Work instruction —
Could you copy the data that follows exactly as written, but drop the pictures?
Given data START
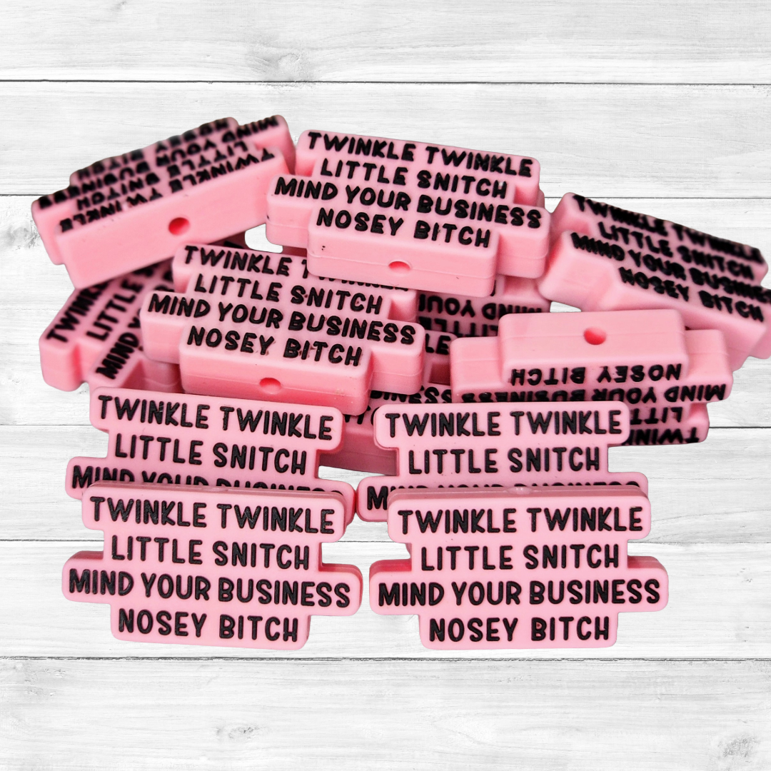 Add a bold twist to your beadable pens, keychains, and more with these funny, sarcastic, adult-humor silicone focal beads. Each bead features bold, sarcastic phrases and has designs that grab attention and spark conversations & laughs.
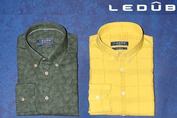 Naast dit frisse blauw thema is er de mogelijkheid om het eerste januari programma uit te breiden en te complimenteren met een felle geel. Met YELLOW SUNSHINE brengen we de donkerdere groen en navy blauwe kleuren samen met geel, waardoor direct een zomers geheel ontstaat. Ook hier zijn enkele bijzondere doeken te vinden, zoals een mooie tonale textuur ruit of kleine subtiele tropische print. Uiteraard in zowel een lange mouw die nonchalant en casual opgerold kan worden en een korte mouw. Ledûb is klaar voor een zinderende zomer.
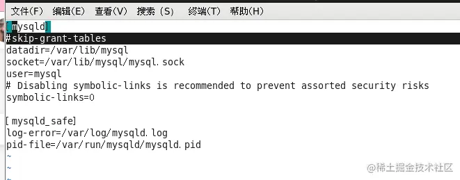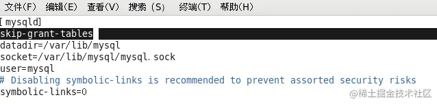添加一下skip-grant-tables #这行的意思就是设置空密码登录,毕竟密码都忘记了,不登进去这么改密码,哈哈
Given data END
Exercise output —
 Add a bold twist to your beadable pens, keychains, and more with these funny, sarcastic, adult-humor silicone focal beads. Each bead features bold, sarcastic phrases and has designs that grab attention and spark conversations & laughs.
 Naast dit frisse blauw thema is er de mogelijkheid om het eerste januari programma uit te breiden en te complimenteren met een felle geel. Met YELLOW SUNSHINE brengen we de donkerdere groen en navy blauwe kleuren samen met geel, waardoor direct een zomers geheel ontstaat. Ook hier zijn enkele bijzondere doeken te vinden, zoals een mooie tonale textuur ruit of kleine subtiele tropische print. Uiteraard in zowel een lange mouw die nonchalant en casual opgerold kan worden en een korte mouw. Ledûb is klaar voor een zinderende zomer.
添加一下skip-grant-tables #这行的意思就是设置空密码登录,毕竟密码都忘记了,不登进去这么改密码,哈哈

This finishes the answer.